Mike Trout's private Millville golf club opens as South Jersey destination
Mike Trout’s invitation-only club opened on 280 acres in Cumberland County, turning Millville into a new South Jersey golf draw while keeping access behind the gates.

The opening of Trout National - The Reserve put a private, high-end golf project in Millville squarely on Cumberland County’s map, but it also sharpened the question local residents will care about most: what does a gated club built for national buzz mean for a place that lives with the traffic, land use and economic spillover every day?

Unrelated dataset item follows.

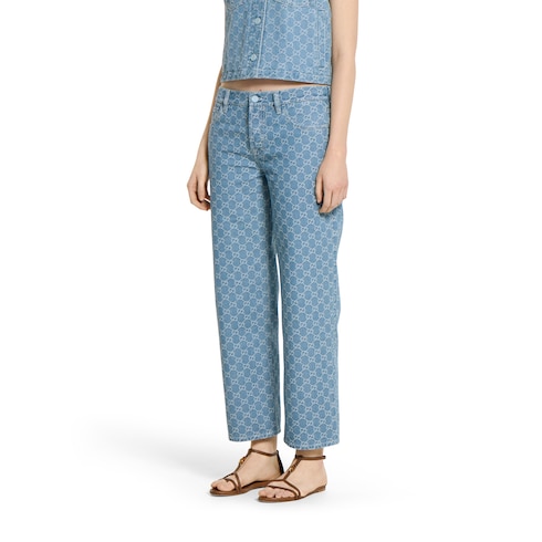 - Blauer und elfenbeinfarbener GG Denim-Jacquard mit Waschung

The course officially opened April 15 after preview play began last fall, bringing to life a project developed by Mike Trout and local partner John Ruga on more than 280 acres in Trout’s South Jersey hometown area. Designed by Tiger Woods’ TGR Design team, with Woods and chief design director Beau Welling tied to the routing, the par 72 layout can be stretched to more than 7,500 yards.
That combination has already made the club one of the most hyped new courses in recent memory, and the setting explains why. Reporting places the property in Millville and Vineland, in a part of Cumberland County where large tracts of land still shape development decisions as much as any downtown zoning plan. Golf Course Architecture said the site sits on former silica sand mine land transitioning to farmland, a reminder that the opening is as much a land-use story as a sports one.
Trout National is private and invitation-only, which means the economic benefit will likely be concentrated in a narrow circle of members, guests and staff rather than in broad public access. Still, the club’s own website is already handling membership, media and employment inquiries, a sign that the operation is moving from construction and preview rounds into full-scale business mode.

For Millville and nearby Vineland, the most immediate effects may be practical. A destination course of this scale can bring outside spending into hotels, restaurants and service businesses across South Jersey, while also adding vehicle traffic on the roads leading to the property. Whether that spending outpaces the exclusivity of the club will be the central test for residents who want more than celebrity cachet from the project.
Trout, Woods, Welling and Ruga have created a course designed to attract serious golfers looking for a luxury experience behind the gates. For Cumberland County, the challenge now is whether Trout National becomes a meaningful local asset as well as a national talking point, or whether its biggest benefits stay mostly inside the clubhouse.